昆仑秘境里,到处都是忙碌的身影。决定回青丘的狐族族人,都在收拾着行囊,把百年里攒下的家当一一打包,脸上带着归乡的期盼,眼里却也藏着对这片庇护了他们百年的秘境的不舍。
敖天、麟风、凰音三个也没闲着,带着三族的少年们清点着丹药、法器、灵草,把能用上的东西一一打包,麟风更是提前三天就开始推演东行的路线,把沿途的地脉走向、可能出现的魔气异动都标记得清清楚楚,生怕路上出半点差错。
涂山悠悠这三日里,倒是难得的清闲。
她走遍了昆仑秘境的每一个角落,从山巅的白玉宫殿,到山下的桃林私塾,再到秘境边缘的山门结界。百年前,她带着残伤的族人来到这里,是白泽打开了秘境的山门,给了他们一处安身立命的地方。这百年里,这片秘境护着他们躲过了量劫的战火,护着孩子们平安长大,是他们的第二故乡。
如今要走了,心里终究是不舍的。
“怎么,舍不得了?”
身后传来白泽熟悉的声音,涂山悠悠转过身,看到他抱着一卷泛黄的竹简,缓步走了过来,脸上带着温和的笑意。
“是有点舍不得。” 涂山悠悠笑着点头,目光望向秘境里错落的屋舍,“这里护了我们百年,要走了,总觉得心里空落落的。”

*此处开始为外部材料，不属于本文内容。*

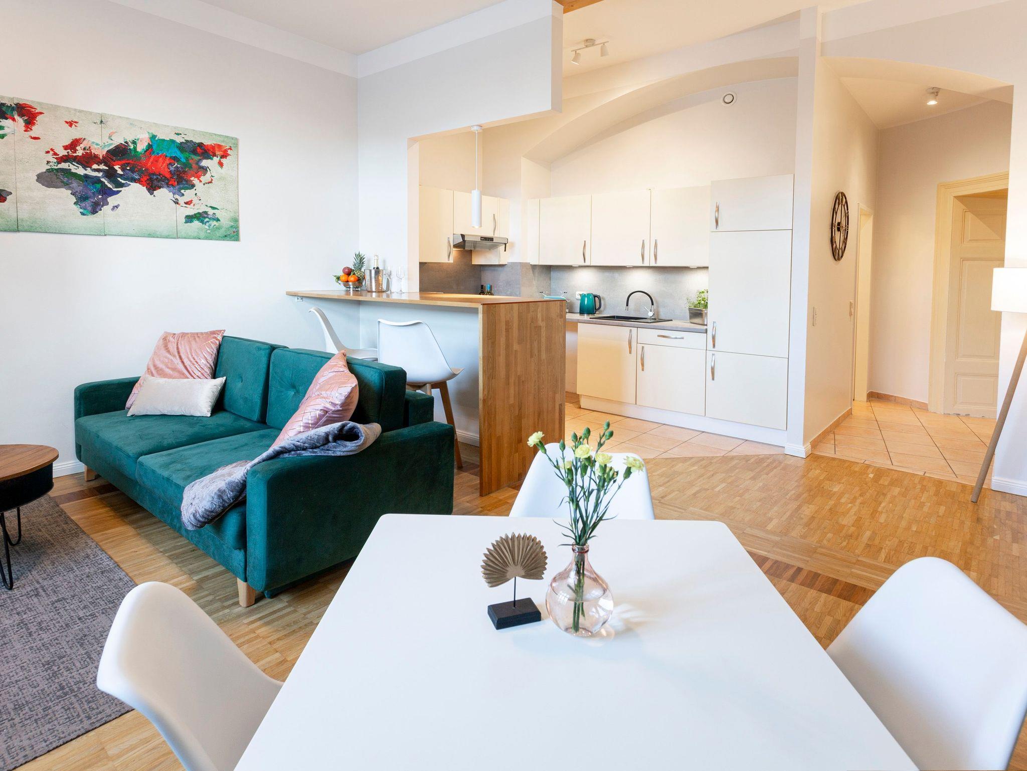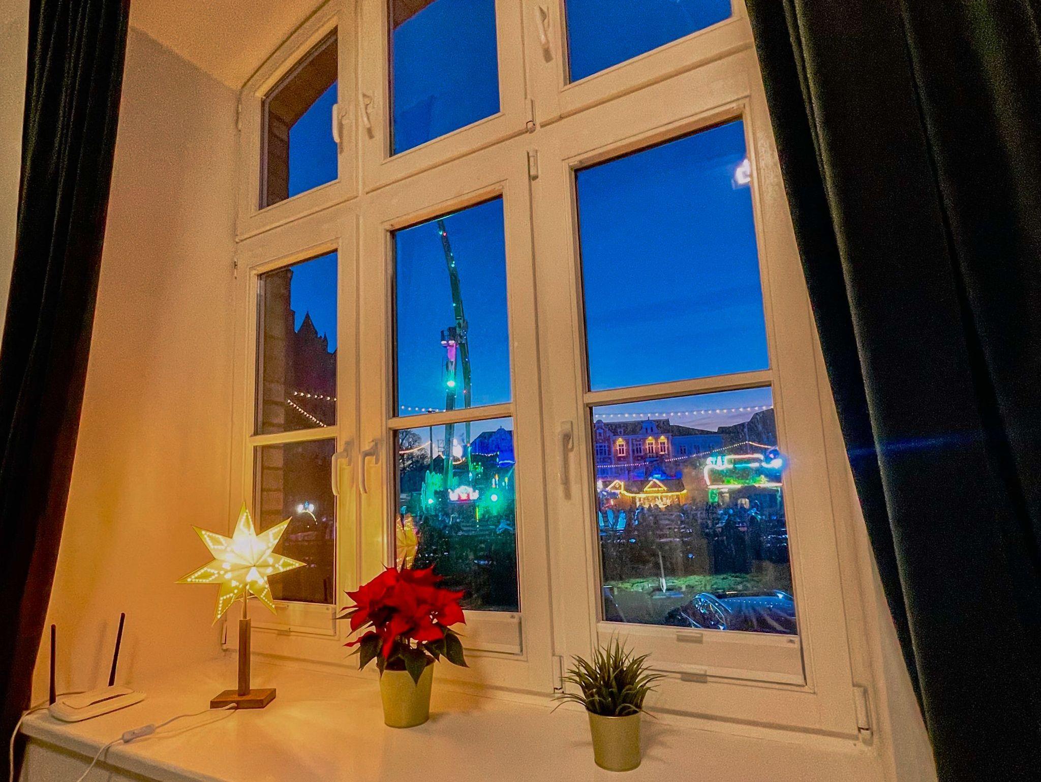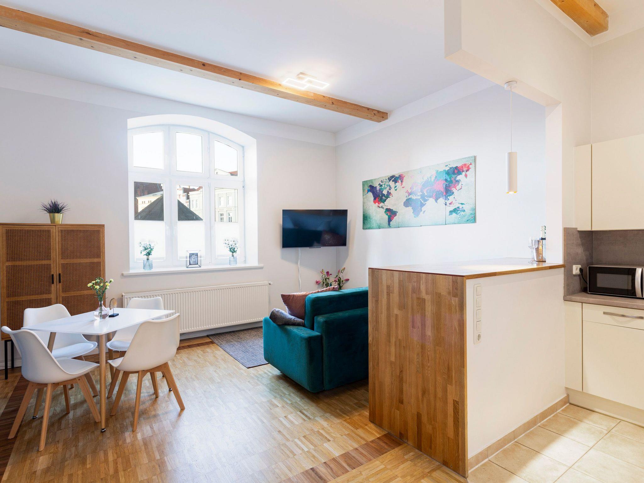 Das Altstadt-Studio 5 erreichen sie direkt über den Eingang am Neuen Markt und ist für bis zu 4 Personen geeignet. Die 56 m² große Ferienwohnung befindet sich im Erdgeschoss des Hauses und ist über eine Treppe zugänglich. Vom geräumigen Flur aus, gelangen die in das Schlafzimmer mit Doppelbett (180x200), das Bad mit Dusche, Waschbecken und WC, das Gäste-WC und das große Wohnzimmer mit offener Küche. Die Küche ist mit einem Kühlschrank, Herd, Backofen und Geschirrspüler ausgestattet. Küchenhelfer, wie Wasserkocher, Toaster und Kaffeemaschine sind ebenfalls vorhanden. Des Weiteren befinden sich ebenfalls ein Tresen und Esstisch direkt an der Küche. Auf dem Schlafsofa (140x200) können sie bequem Fernsehen oder entspannen. Das Wohnzimmer und Schlafzimmer sind zum Neuen Markt ausgerichtet und lassen viel Licht in die hellen Zimmer.

“昆仑的山门,永远为你们开着。” 白泽走到她身边,把手里的竹简递给她,“这是我整理的东荒地脉图,还有青丘祖祠里藏着的涂山氏传承秘录,当年老族长托我保管的,如今你要回青丘了,该还给你了。”
涂山悠悠接过竹简,指尖抚过上面熟悉的纹路,那是父亲的笔迹。她的鼻尖一酸,对着白泽深深鞠了一躬。
“白泽先生,百年恩情,涂山氏没齿难忘。若不是您,我们早就死在了量劫的战火里,也不会有今天。”
“举手之劳罢了。” 白泽扶起她,看着她,语气里带着几分认真,“悠悠,你真的想好了吗?回青丘,就意味着要彻底直面过去的一切,再也没有退路了。你确定,你已经准备好了?”
“我准备好了。” 涂山悠悠抬眼,目光坚定,没有半分犹豫,“躲了百年,我也该回去面对了。白泽先生,您说的对,魔火的根源是我的执念,只有真正踏回青丘的土地,面对父亲的在天之灵,我才能真正和过去和解,才能真正掌控住魔火。”
她顿了顿,又道:“更何况,青丘是我的家,族人们在等我回去。我是涂山氏的族长,该回去守着我的故土,守着我的族人了。”
白泽看着她眼里的光,终于放下了心,笑着点了点头。“好。既然你决定了,我便陪你走一趟。青丘的祖祠封印,还有东荒残留的魔源,也该去清理干净了。”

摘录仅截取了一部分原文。